The complaint or cry of the earth in 7:6 is matched a little later in the text by a similar cry from human beings themselves. For here it is reported that ‘the voice of those who were perishing went up to heaven’ (8:4). Heaven’s receipt of this petition is described in a remarkable scene set first on the battlements of heaven and then in some room within:
Then Michael and Ouriel and Raphael and Gabriel looked down from holy heaven and saw much blood being poured out upon the earth. Having gone inside, they said to one another, ‘The voice of those who are crying out on earth has reached the gates of heaven’ (9:1-2). 43
Thus the earth and its human inhabitants share the same suffering at the hands of the Giants and exhibit the same response, a cry to heaven. A profound solidarity exists between a suffering earth and a suffering humankind.

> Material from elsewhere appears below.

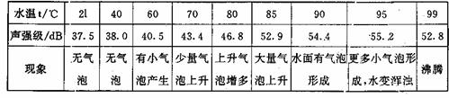 37、俗语说“响水不开,开水不响”,开水真的不响吗?小明想对此进行研究,得到爸爸的支持.小明用圆底铁锅在煤气灶上进行烧水试验,用温度计、数字声级计(测量声音强弱的仪器)分别测量锅内水的温度、锅旁声音的强弱。测量结果如下表:

In the painting, The Cry of the Earth (1 Enoch 7:6), we view the earth from the perspective of Enoch as he wanders through the celestial atmosphere. Enoch observes the earth from within the knowledge limitations of his own era, not yet fully formed and with only a basic understanding of landmass, the oceans, and how they are linked together. But as a heavenly wanderer, he can see the earth not only spatially but also across time: he is able to survey three separate stages of earth's evolution progressing into the future, and can therefore foresee how humanity will neglect and slowly destroy the earth.
The three separate globes in the painting are Enoch's view of these three phases of earth's ecological history, as he floats above with the privileged view not only of a celestial traveller but a time traveller. The first earth, which surrounds the other two, is painted in a deep Prussian blue to depict our world at the time of the great deluge. Here the earth is drowning and all existence is submerged. We recall that humanity had an opportunity after the Watchers had imparted their knowledge, but subsequent choices ultimately led to humanity’s destruction, save for the survival of Noah and his family. The array of flora and fauna submerged beneath the surface serve as a reminder of the disastrous consequences of these actions.
Over time, a second earth was formed. It is left unclear what particular era is represented here but it could be contemporary. Although the earth is still fertile it has been infected with a virus and there are poison mushrooms sprouting across the lush green surface. We are looking through ash clouds, a pointer to our nuclear age and the destruction that has caused. The sea is deep ultramarine in colour and its surface is partly frozen. We are seeing here the advent of globalisation and the beginning of earth's deterioration. We can recognise in the final phase the reason that we have fallen into this plight.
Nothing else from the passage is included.